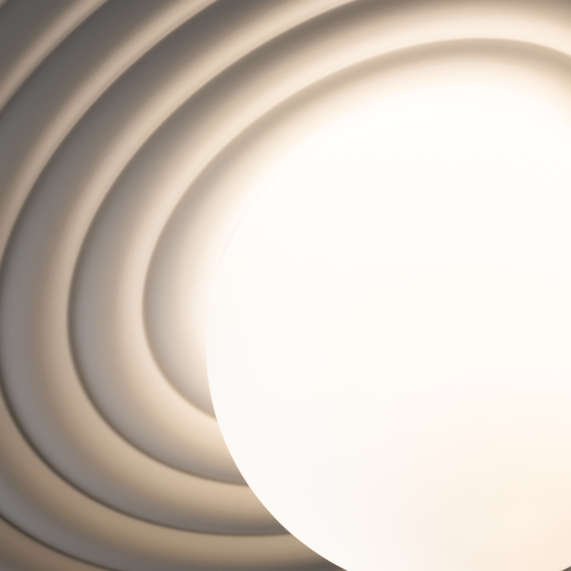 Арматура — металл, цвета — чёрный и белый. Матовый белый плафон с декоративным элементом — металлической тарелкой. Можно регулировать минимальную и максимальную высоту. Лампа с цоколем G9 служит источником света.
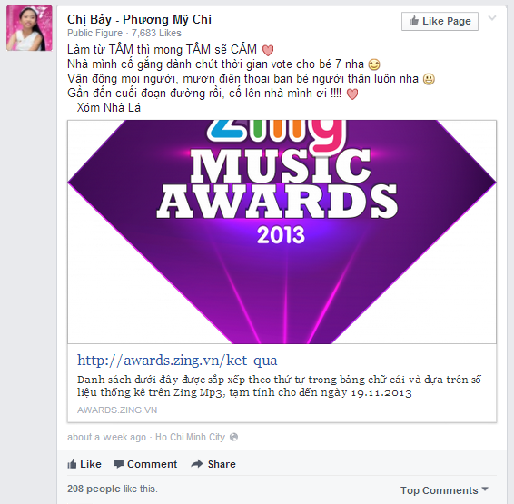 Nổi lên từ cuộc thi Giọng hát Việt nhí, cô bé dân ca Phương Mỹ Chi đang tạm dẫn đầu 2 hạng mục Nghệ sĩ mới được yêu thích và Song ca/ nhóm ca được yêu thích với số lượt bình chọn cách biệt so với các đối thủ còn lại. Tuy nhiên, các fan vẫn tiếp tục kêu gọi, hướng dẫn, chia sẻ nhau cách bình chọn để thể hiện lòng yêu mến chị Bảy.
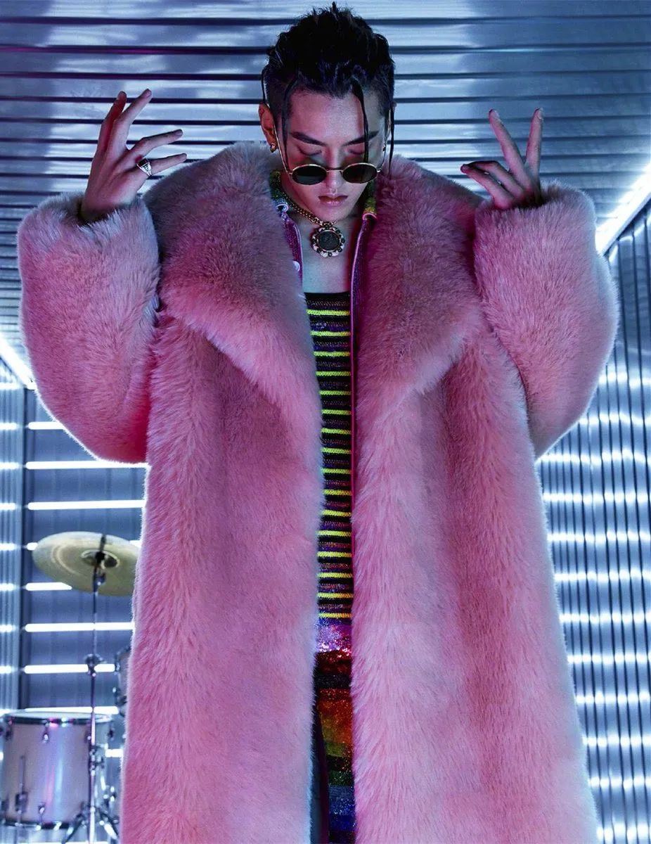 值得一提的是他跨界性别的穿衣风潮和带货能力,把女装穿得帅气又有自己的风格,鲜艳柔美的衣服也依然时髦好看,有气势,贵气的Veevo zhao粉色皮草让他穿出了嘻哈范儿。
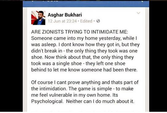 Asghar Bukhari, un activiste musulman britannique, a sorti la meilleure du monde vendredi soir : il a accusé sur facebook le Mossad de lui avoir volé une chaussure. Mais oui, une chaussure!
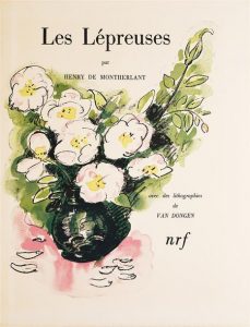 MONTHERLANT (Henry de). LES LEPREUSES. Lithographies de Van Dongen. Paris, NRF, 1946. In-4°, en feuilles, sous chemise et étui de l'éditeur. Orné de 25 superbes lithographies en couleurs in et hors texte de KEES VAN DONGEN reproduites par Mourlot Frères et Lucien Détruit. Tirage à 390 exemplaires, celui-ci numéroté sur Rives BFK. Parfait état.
===
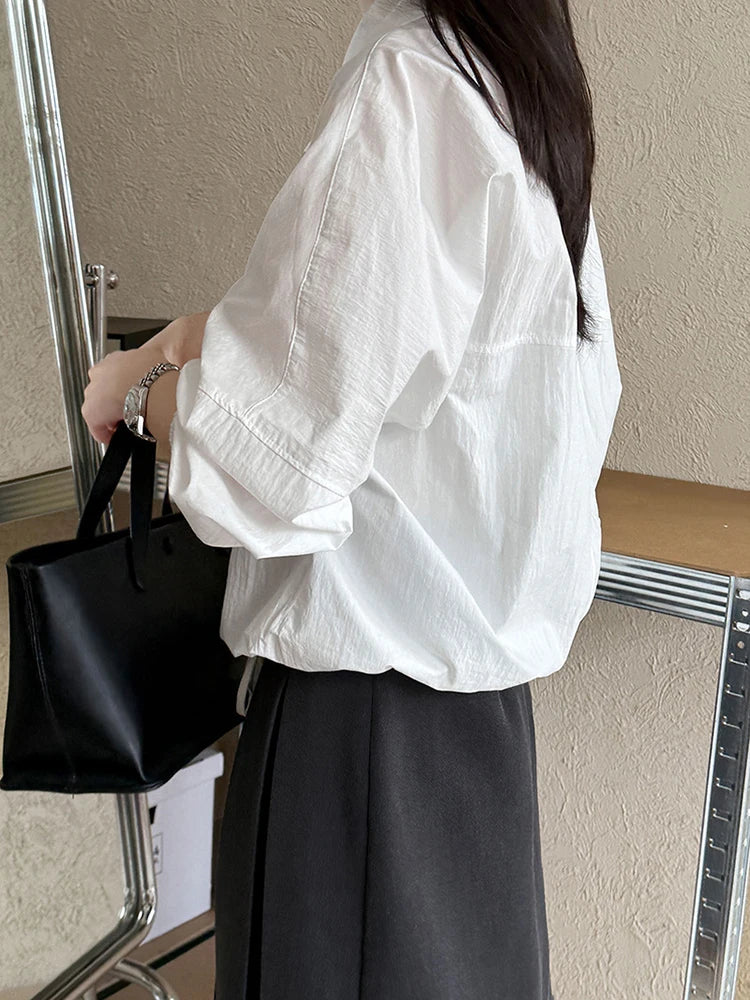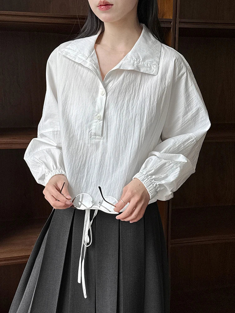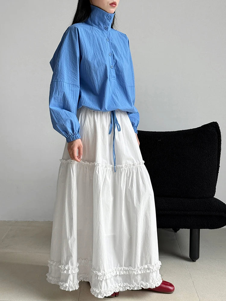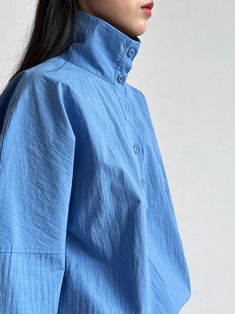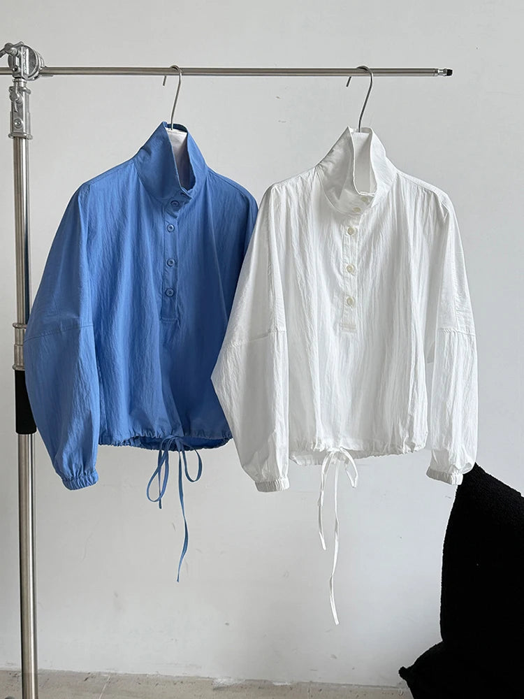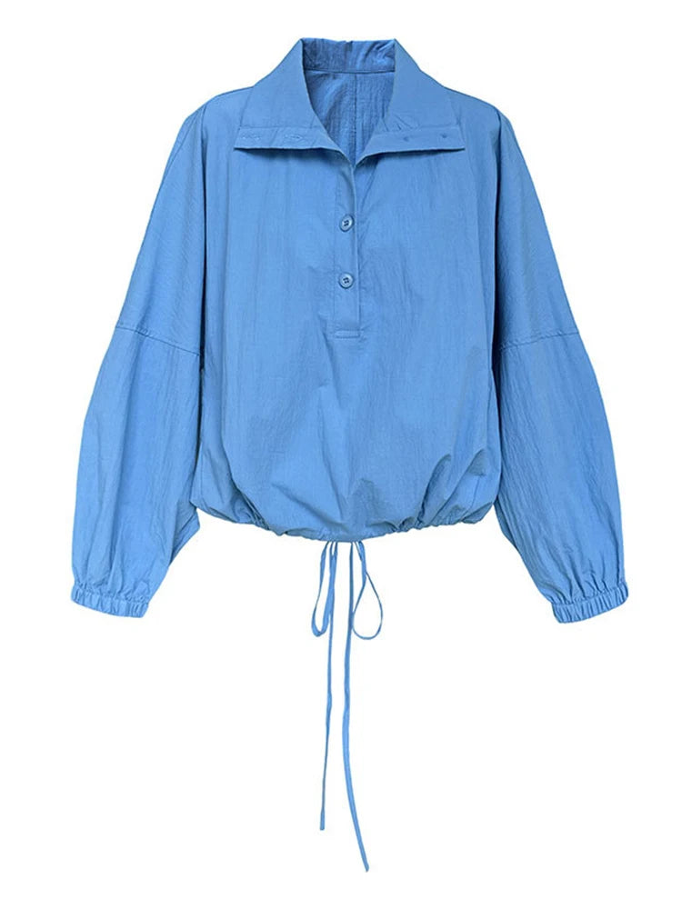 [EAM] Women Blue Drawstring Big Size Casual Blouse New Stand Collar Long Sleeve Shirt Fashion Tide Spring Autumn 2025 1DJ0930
===
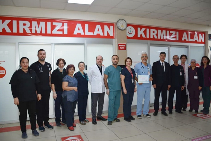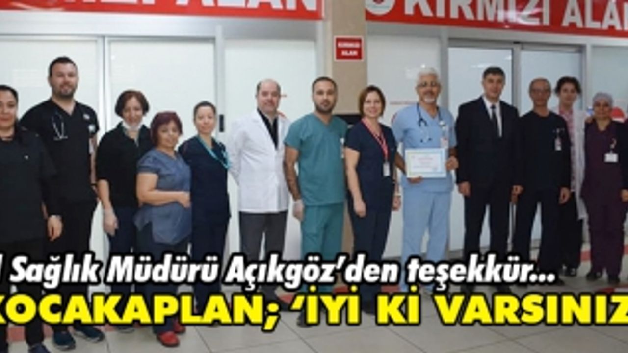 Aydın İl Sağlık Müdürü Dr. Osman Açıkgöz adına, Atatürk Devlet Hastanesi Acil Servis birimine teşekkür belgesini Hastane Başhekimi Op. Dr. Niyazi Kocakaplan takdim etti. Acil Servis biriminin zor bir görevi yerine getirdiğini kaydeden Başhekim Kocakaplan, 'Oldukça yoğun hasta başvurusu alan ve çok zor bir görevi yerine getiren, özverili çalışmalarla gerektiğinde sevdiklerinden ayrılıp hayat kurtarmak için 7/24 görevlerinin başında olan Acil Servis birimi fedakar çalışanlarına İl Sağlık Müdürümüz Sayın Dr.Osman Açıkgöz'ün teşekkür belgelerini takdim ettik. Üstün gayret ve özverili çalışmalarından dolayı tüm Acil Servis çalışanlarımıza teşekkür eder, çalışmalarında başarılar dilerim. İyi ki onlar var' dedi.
===
◆ TASK GOAL
Starting from the line with "Арматура — металл, цвета" in the records above, repeat each line exactly until you have written the line with "值得一提的是他跨界性别的穿衣", then stop; drop the pictures.

◆ RESPONSE TO THIS TASK
 Арматура — металл, цвета — чёрный и белый. Матовый белый плафон с декоративным элементом — металлической тарелкой. Можно регулировать минимальную и максимальную высоту. Лампа с цоколем G9 служит источником света.
 Nổi lên từ cuộc thi Giọng hát Việt nhí, cô bé dân ca Phương Mỹ Chi đang tạm dẫn đầu 2 hạng mục Nghệ sĩ mới được yêu thích và Song ca/ nhóm ca được yêu thích với số lượt bình chọn cách biệt so với các đối thủ còn lại. Tuy nhiên, các fan vẫn tiếp tục kêu gọi, hướng dẫn, chia sẻ nhau cách bình chọn để thể hiện lòng yêu mến chị Bảy.
 值得一提的是他跨界性别的穿衣风潮和带货能力,把女装穿得帅气又有自己的风格,鲜艳柔美的衣服也依然时髦好看,有气势,贵气的Veevo zhao粉色皮草让他穿出了嘻哈范儿。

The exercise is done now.